▶ [ASSIGNED TASK]
Beginning at the line with "ハニーサックルの屋根の下で 今日は、しと" in the records below, return each line up to and including the last, exactly as it stands, but not the pictures.

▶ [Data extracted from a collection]
::::

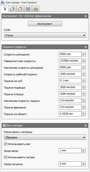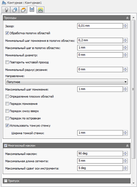 При финишной обработке контуров вдоль контуров деталей создаются траектории перемещения инструмента с постоянной высотой Z. Шаги по оси Z разнесены по ней в соответствии с параметром понижения.
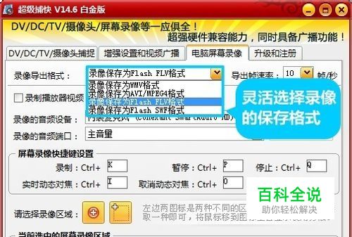灵活选择录像的保存格式。 这款软件支持将录像保存为AVI,WMV,FLV,SWF等诸多流行格式。其中WMV,FLV都是目前流行的网络流行格式,体积小而清晰,我们可以根据自身需要灵活进行选择!
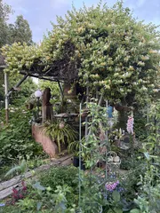 ハニーサックルの屋根の下で 今日は、しとしとと、一日中雨☔みたいですね。溜めておいたブルーベリーの🫐実を綺麗に洗って、ジャム作りをしています。何瓶🫙とれるかな⁉️3種類のナッツ入りの食パンも🍞出来上がりました‼️ハニーサックルとジャスミンが絡まって出来た、グリーンの屋根。此処がお庭の真ん中になります。此処に座ると、お花の香り、
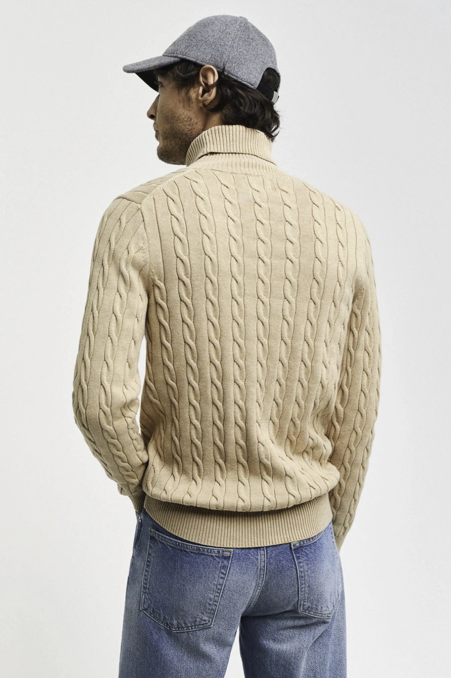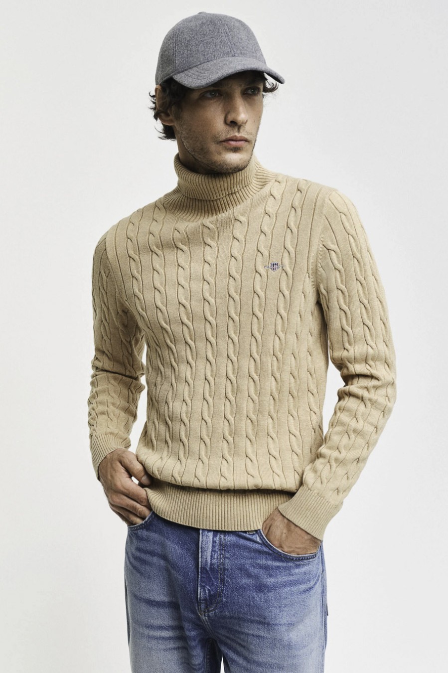 145633 Σχεδιασμένο από βαμβάκι με πλεκτή δομή με καλωδιωτή πλέξη σε όλη την επιφάνεια, αυτό το απαλό πουλόβερ έχει κανονική εφαρμογή και ζιβάγκο. Ένα απαραίτητο κομμάτι για preppy στυλ, διαθέτει λεπτομέρειες με την εμβληματική ασπίδα GANT κεντημένη στο στήθος και ριμπ τελείωμα στο λαιμό, το στρίφωμα και τις μανσέτες. Σύνθεση: 100% ΒΑΜΒΑΚΙ
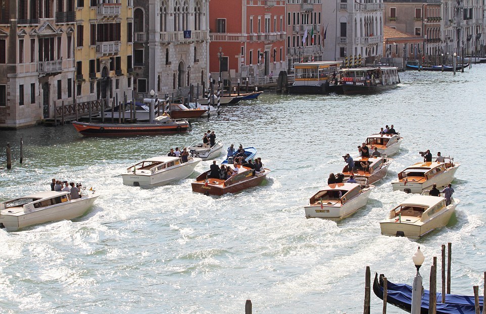 Пара и гости свадьбы, а также многочисленные фотографы передвигались по городу на скоростных катерах.

::::

▶ [WRITTEN ANSWER]
 ハニーサックルの屋根の下で 今日は、しとしとと、一日中雨☔みたいですね。溜めておいたブルーベリーの🫐実を綺麗に洗って、ジャム作りをしています。何瓶🫙とれるかな⁉️3種類のナッツ入りの食パンも🍞出来上がりました‼️ハニーサックルとジャスミンが絡まって出来た、グリーンの屋根。此処がお庭の真ん中になります。此処に座ると、お花の香り、
 145633 Σχεδιασμένο από βαμβάκι με πλεκτή δομή με καλωδιωτή πλέξη σε όλη την επιφάνεια, αυτό το απαλό πουλόβερ έχει κανονική εφαρμογή και ζιβάγκο. Ένα απαραίτητο κομμάτι για preppy στυλ, διαθέτει λεπτομέρειες με την εμβληματική ασπίδα GANT κεντημένη στο στήθος και ριμπ τελείωμα στο λαιμό, το στρίφωμα και τις μανσέτες. Σύνθεση: 100% ΒΑΜΒΑΚΙ
 Пара и гости свадьбы, а также многочисленные фотографы передвигались по городу на скоростных катерах.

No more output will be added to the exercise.